Our founder, Mrs. Wendy Whatmore, was born as Gwendolen Leah De Kretser on the 13th of December 1918. She passed away in March 1989 at the age of 70. This year marks her 100th birth anniversary.
In commemoration of her life and work, we will be sharing stories, articles and previously unpublished work as we draw closer to her centenary birthday.
Our first instalment consists of transcribed snippets from an audio interview between her daughter Wendy Holsinger (WWA Principal since 1989) and her grand daughter Tracy Holsinger.
In this segment, Wendy Holsinger shares a few stories about her mother’s early life, including how she became known as Wendy Whatmore.
Interview: The History Behind The Name
Wendy Holsinger (WH)
Tracy Holsinger (TH)
WH: …she was born on the 13th of December in the Matara house and delivered at home.
TH: What was the name of the house?
WH: The Terraces, on Brown’s Hill, Matara. Then…she was taught at home because – about a week after she was born, she developed infantile diarrhea. So there was a question mark as to whether she was going to live. And then, most of the time, she was brought up on goat’s milk.
TH: Oh?
WH: Yes. Couldn’t manage anything else…because she was frail. And lonely, I think, being at home and the youngest of five. As a child she was… very dreamy, in her fanciful little world. You know, writing poetry to the King and Queen, and writing sonnets to them…and then she wrote a lot of little stories…Wendy is just her pen name and Gwendolen Leah is her real name but she took on the name of Wendy when she started writing to the papers at the age of about …14? But she was writing poetry from the age of 9. You know, she couldn’t go to school until she was about 10. So she was schooled at home by her mother.
TH: So when she was 10 and went to school, she came here (Colombo)? Or she went to school in Matara?
WH: No, she came to Holy Family…and of course by the time she was about 15, she loved her sports. So she used to play Centre position on the netball team, Holy Family Convent. Then of course, she wrote the school song…

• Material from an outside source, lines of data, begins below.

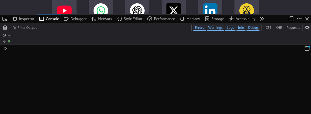How does this work? In JavaScript, [] denotes an empty array. When you put a + in front of it, JavaScript automatically coerces it into a numeric type. Because an empty array has no content, converting it to a number yields 0.
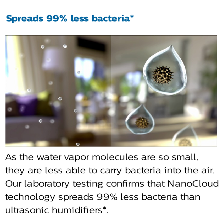 - Những hạt nước với kích cỡ nano nhờ công nghệ xông hơi NanoCloud sẽ giúp giảm đi 99% vi khuẩn trong phòng. -️ Máy làm ẩm của Philips cho phép bạn lựa chọn độ ẩm từ 40, 50 và 60% cho sự thoải mái tối đa. - Đèn báo màu đỏ cho bạn biết bồn chứa nước cần được làm đầy. -️ Khi bồn chứa nước cạn, máy sẽ tự động tắt. -️ Có 3 chế độ lựa chọn tốc độ làm ẩm: Thấp, bình thường và nhanh. Thông số kỹ thuật:
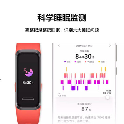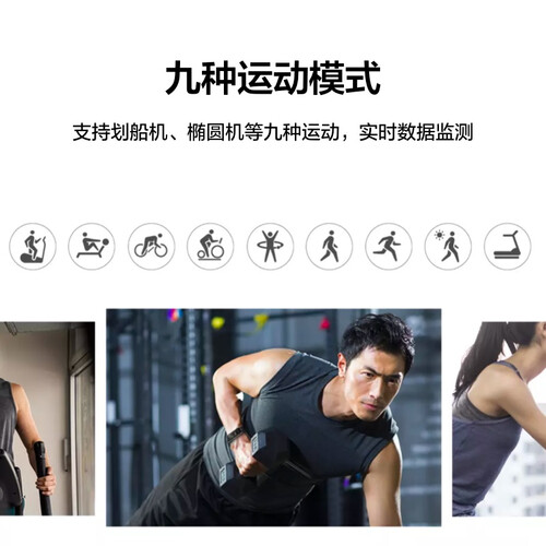 臻彩全触控彩屏,智能提醒功能,操作方便。心率睡眠监测,悉心呵护身体健康。还有九种运动模式,腕上私教随时开练。
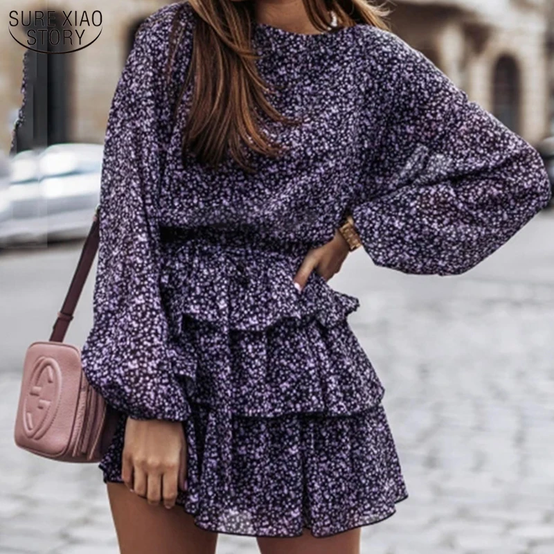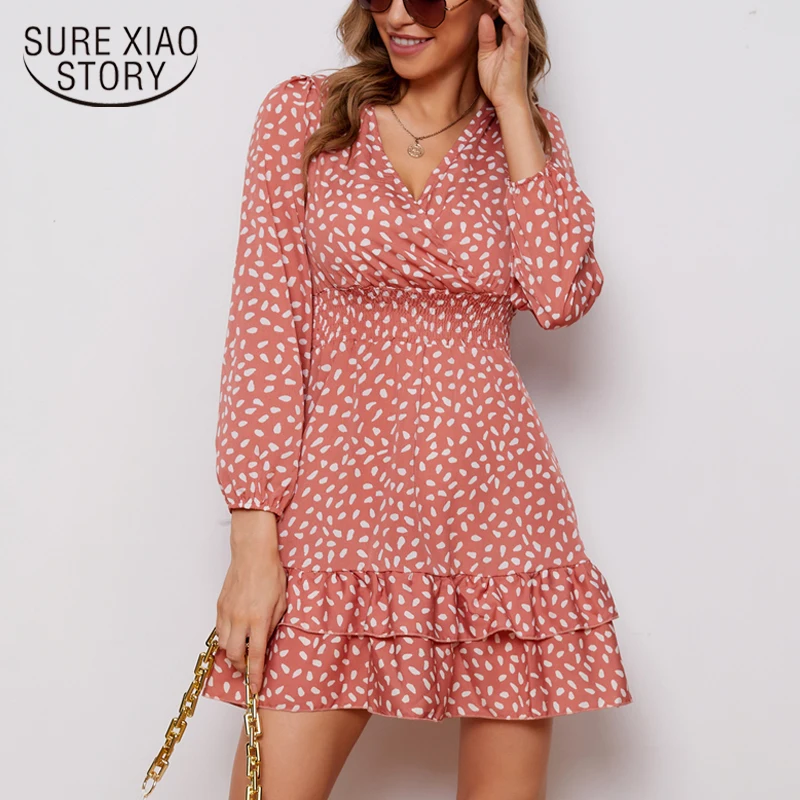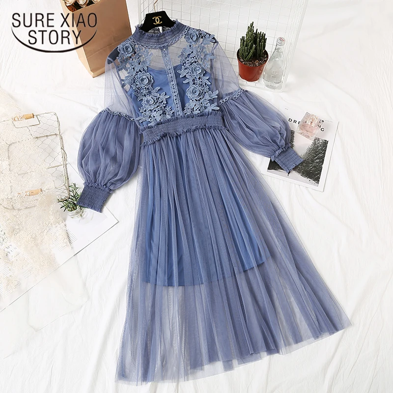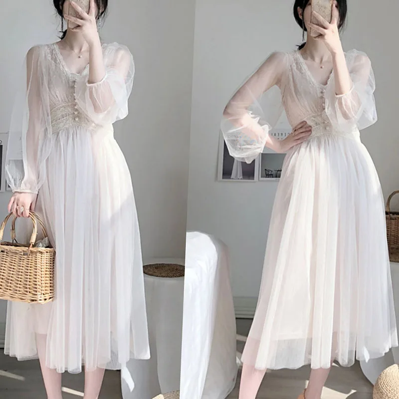 Платье для женщин 2021 Весна размера плюс элегантное платье в форме трапеции, срукавами-буфами, с завышенной талией и v-образным вырезом, женские Сетчатое платье 8126 50

By this time, she had decided that Drama and Speech was to be her life. And then I don’t know at what age she married Davenall Whatmore. We have to calculate because… maybe 20, 21? If she was born in 1918, so when would that be?
TH: 1938…
WH: …because she established the school as Wendy Whatmore.
TH: So, before 1940…
WH: Yes. The marriage didn’t last very long because…I think…he didn’t know how to handle this …very effervescent, bubbly creature who wanted to do Drama. He was a lovely person, a lovely man. So they divorced, much to the horror of my grandparents, and he allowed her…to keep the name of Whatmore, because she had already established the school in that name. Then of course in 1947, she went ahead and got her FTCL from Trinity College. She was the first in South East Asia to do that, in Speech and Drama.